Рано утром в городе машин не было практически полностью, и такси домчало бы его до аэропорта за считаные минуты. Разумеется, следовало сделать поправку на этот ранний час и отсутствие трафика, но Илья не стал этим заморачиваться. Выполнив утреннюю рутину, он просто открыл Uber и в пару касаний заказал авто на ближайшее время.

В аэропорт он приехал рано, до начала регистрации на рейс было еще прилично. Любой человек, предвкушая почти час томительных ожиданий на жесткой металлической скамейке, как минимум огорчился бы. Далее, после простейшего анализа, это человек понял бы, что заказывать такси так рано было ни к чему, и попросту глупо. За этим, скорее всего, последовала бы если не фрустрация от осознания своего несовершенства, то хотя бы досада от предстоящего долгого ожидания. У Ильи же данная ситуация эмоций не вызвала совершенно никаких. Это было странно. Но еще более странным было то, что последние часов 30 вообще мало что могло вызвать у него эти самые эмоции. Нельзя сказать, что раньше Илья был каким-то сверхэмоциональным индивидуумом, но происходящие вокруг события вызывали в нем хоть какой-то отклик. А сейчас нечего. Он просто прошел, сел на ближайшую скамейку и принялся ждать. Достал телефон и стал механически водить по нему пальцем в прострации. Но ясность внезапно-таки догнала его.
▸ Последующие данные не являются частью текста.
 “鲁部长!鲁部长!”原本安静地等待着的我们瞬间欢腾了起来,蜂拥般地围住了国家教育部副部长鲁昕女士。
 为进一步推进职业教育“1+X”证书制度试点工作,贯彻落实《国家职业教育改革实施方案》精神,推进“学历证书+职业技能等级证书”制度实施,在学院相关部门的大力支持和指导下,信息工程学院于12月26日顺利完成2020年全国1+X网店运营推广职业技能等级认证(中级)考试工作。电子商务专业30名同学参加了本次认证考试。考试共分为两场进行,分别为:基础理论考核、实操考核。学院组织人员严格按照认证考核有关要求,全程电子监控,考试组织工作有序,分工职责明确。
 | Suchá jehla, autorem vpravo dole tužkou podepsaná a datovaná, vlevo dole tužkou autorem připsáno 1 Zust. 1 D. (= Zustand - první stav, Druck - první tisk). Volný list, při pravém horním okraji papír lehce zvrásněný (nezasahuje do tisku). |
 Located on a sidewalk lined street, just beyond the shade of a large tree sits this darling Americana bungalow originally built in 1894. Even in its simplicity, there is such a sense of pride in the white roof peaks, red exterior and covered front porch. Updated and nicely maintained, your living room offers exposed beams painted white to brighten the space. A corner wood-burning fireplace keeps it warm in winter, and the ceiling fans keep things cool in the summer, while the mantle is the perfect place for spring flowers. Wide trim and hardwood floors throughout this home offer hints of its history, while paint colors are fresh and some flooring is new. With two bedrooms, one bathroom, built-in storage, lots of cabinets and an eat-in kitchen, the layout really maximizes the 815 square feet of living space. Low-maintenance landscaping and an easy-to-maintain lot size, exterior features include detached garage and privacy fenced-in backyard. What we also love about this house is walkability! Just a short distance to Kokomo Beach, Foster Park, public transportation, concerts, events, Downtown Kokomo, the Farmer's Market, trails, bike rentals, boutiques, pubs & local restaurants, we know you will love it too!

— Да что такое, я черт возьми делаю?!

Какой-то маленький азиат в возрасте с недоумением посмотрел на него.

«Я что, вслух это сказал?!», — Илья в свою очередь немного ошалело посмотрел на азиата. Потом попытался улыбнуться. Вышло неестественно и натянуто.

Азиат ничего не ответил, молча отвернулся и продолжил читать газету. Илья же посмотрел на свой телефон, на его черный глянцевый экран.
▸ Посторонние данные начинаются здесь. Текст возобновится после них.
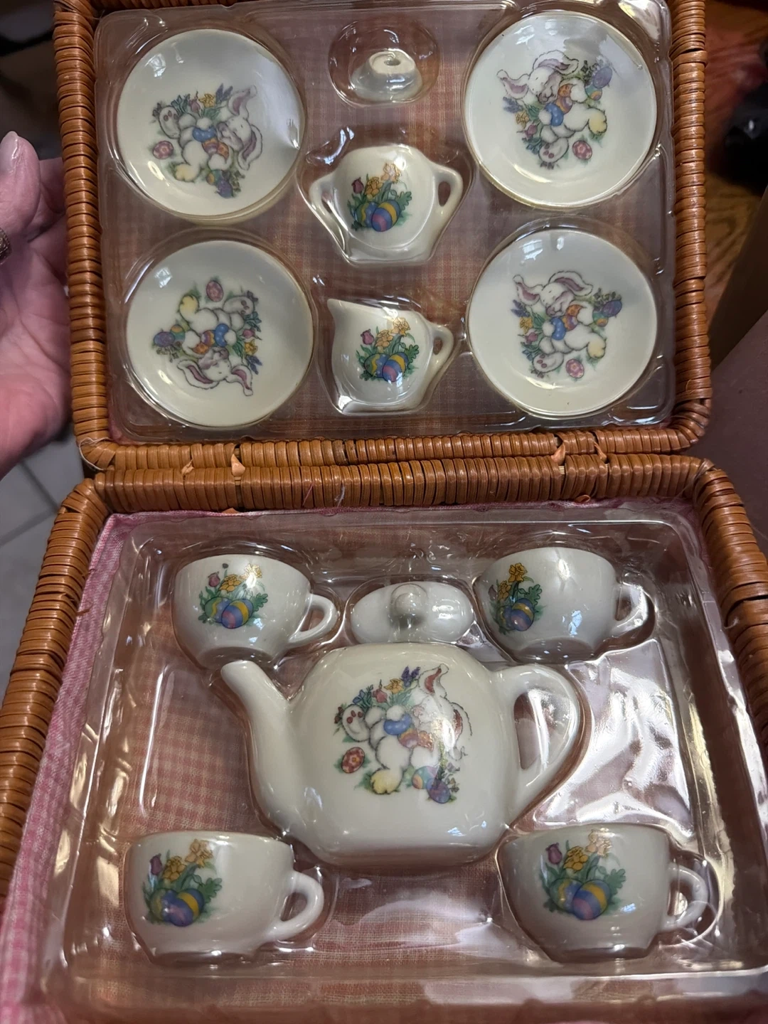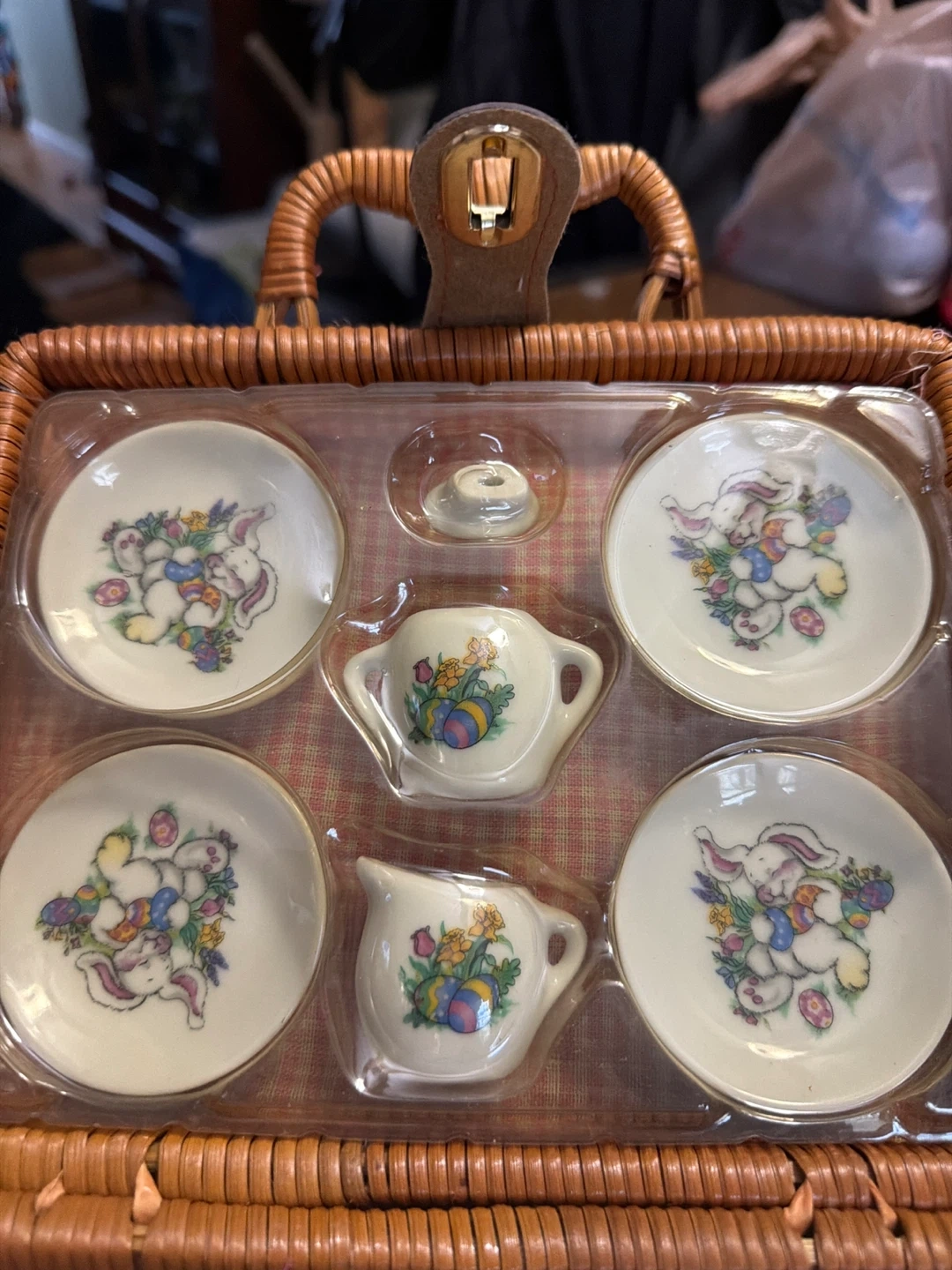 Buy & SellVintage Bunny Tea Set in Wicker BasketVintage Bunny Tea Set in Wicker Basket$15This is a super cute vintage tea set! It features a bunny design and comes in a charming wicker basket. Perfect for a child's tea party or a collector!EstadoNewWHERE TO MEETCheck LocationView MapSELLERverifiedJoMariners Harbor1061 review0 chats·0 favorites·5 viewsSEND CHAT TO SELLERHi Jo! I’m interested in your listing.Hi Jo! I’m interested in your listing.Get the Karrot app to chatSign In to chat

«Ну и видок!», — мысленно протянул он, глядя в затемненное отражение в черном стекле, — «Это что же я, просто так по заблокированному телефону пальцем водил что ли? Или это он сам только что заблокировался? Зачем я вообще его доставал, я же не хотел… Или хотел?..

А сколько время? Час??! Нет, целый час до регистрации??! Я совсем что ли из ума?..»

Кто-то оборвал этот мысленный поток. То есть сам Илья и оборвал, но не тот, кто наконец-то заметил, что приехал рано и стал сокрушаться по этому поводу, а какой-то другой, следящий за первым как бы со стороны. У каждого из нас есть такой «контроллер». И порой, стоит признать, он обращает наше внимание на довольно дельные и нужные вещи. Этот контролер всегда спокоен, незлобен и рассудителен. Жаль, что его голос удается услышать так редко. А может быть это и есть наша истинная натура? Тогда кто такой тот первый, разрываемый противоречиями, вариантами, вечным сравнением себя с окружающими, нервный и агрессивный?

К сожалению, у рассудительной части Ильи тоже не было ответа на вопрос почему стоило заказывать машину так рано. Данная часть вообще этого момента не помнила, а то скорей всего подсказала бы что-нибудь. Размышляя надо всем этим, Илья поймал себя на одной интересной мысли. «Если есть первый агрессивный и говорящий сам с собой в аэропортах, и второй, который пытается привести в чувство и одернуть, то я получается третий? Это ведь я за ними сейчас наблюдал?.. Или нет?

Так, стоп! Такими темпами и до шизофрении недалеко. Что это вообще такое с вами, Илья Маркович? С чего бы это вы начали так рано сходить с ума?»

Фрилансер тихо улыбнулся этой своей самоиронии, встал и отправился выпить кофе с бутербродом. Наконец-то, пусть и существенно после своего хозяина, проснулся и его аппетит.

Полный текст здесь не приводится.